ASSIGNMENT: After locating the line with "I love macaroons" below, output it and each following line exactly, stopping after the line with "We staan niet". No pictures.

DATA SHOWN:
- - - - - - -
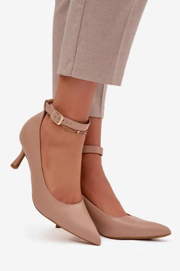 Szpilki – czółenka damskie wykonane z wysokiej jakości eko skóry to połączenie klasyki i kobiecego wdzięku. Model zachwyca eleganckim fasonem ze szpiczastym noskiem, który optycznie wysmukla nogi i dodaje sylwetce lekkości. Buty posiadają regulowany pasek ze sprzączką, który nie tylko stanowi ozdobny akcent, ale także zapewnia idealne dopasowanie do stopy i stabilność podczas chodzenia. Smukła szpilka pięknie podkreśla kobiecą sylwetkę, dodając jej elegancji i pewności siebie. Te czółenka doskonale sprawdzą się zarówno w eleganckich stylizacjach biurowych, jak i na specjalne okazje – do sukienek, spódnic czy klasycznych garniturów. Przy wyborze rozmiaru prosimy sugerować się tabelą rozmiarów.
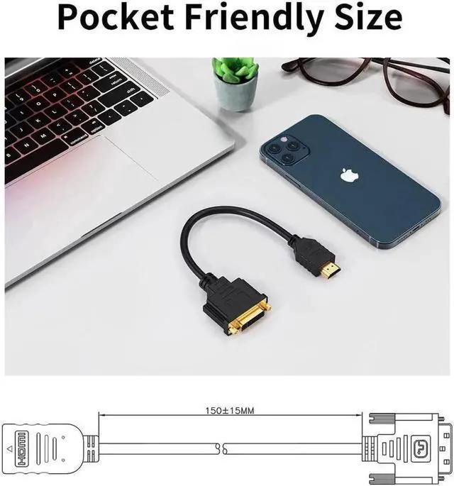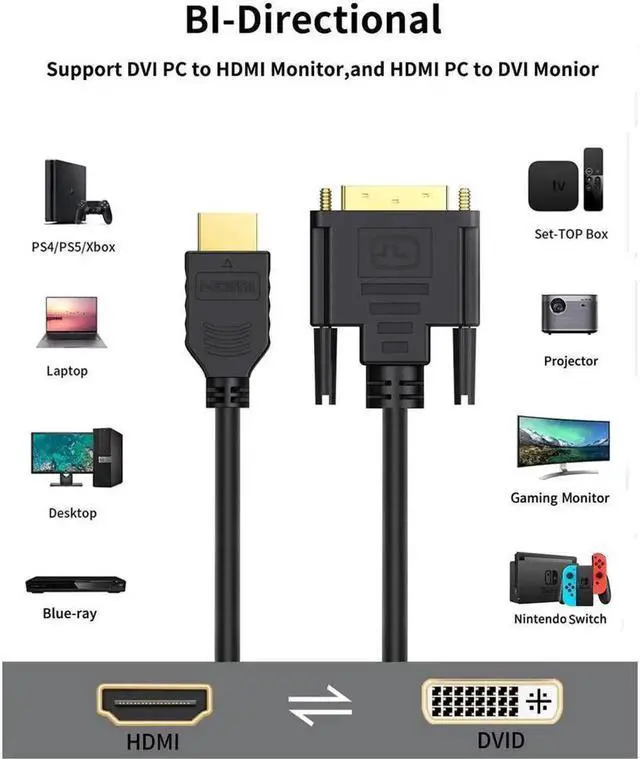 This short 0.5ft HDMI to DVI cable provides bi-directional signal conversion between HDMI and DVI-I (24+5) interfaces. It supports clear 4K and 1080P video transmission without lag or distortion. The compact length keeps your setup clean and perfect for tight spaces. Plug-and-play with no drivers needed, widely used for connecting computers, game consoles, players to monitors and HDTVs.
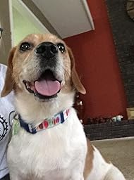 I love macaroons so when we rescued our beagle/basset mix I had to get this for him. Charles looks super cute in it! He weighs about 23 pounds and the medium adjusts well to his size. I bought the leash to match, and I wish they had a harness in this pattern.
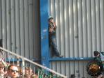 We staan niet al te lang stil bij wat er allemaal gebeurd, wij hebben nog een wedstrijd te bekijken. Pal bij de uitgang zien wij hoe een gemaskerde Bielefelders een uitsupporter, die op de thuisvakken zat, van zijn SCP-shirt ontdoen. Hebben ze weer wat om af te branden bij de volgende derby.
- - - - - - -
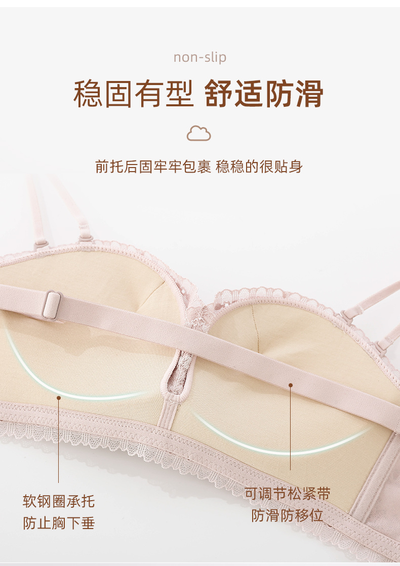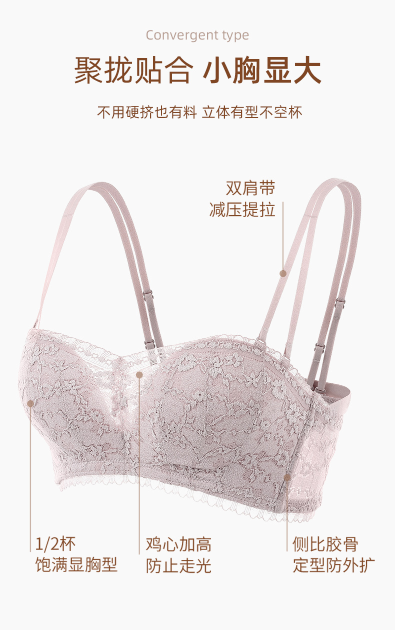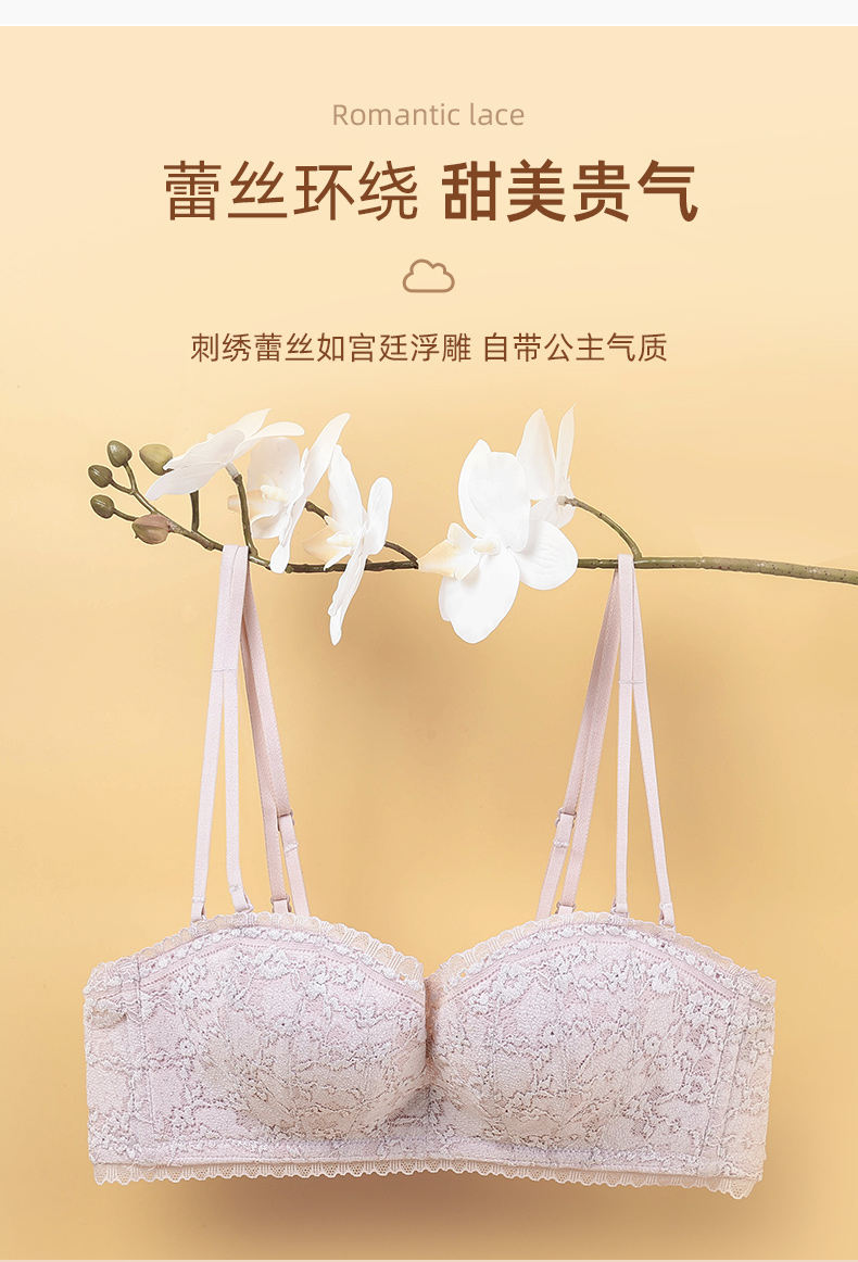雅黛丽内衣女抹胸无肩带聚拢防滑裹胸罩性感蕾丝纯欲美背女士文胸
- - - - - - -
OUTPUT BELOW:
 I love macaroons so when we rescued our beagle/basset mix I had to get this for him. Charles looks super cute in it! He weighs about 23 pounds and the medium adjusts well to his size. I bought the leash to match, and I wish they had a harness in this pattern.
 We staan niet al te lang stil bij wat er allemaal gebeurd, wij hebben nog een wedstrijd te bekijken. Pal bij de uitgang zien wij hoe een gemaskerde Bielefelders een uitsupporter, die op de thuisvakken zat, van zijn SCP-shirt ontdoen. Hebben ze weer wat om af te branden bij de volgende derby.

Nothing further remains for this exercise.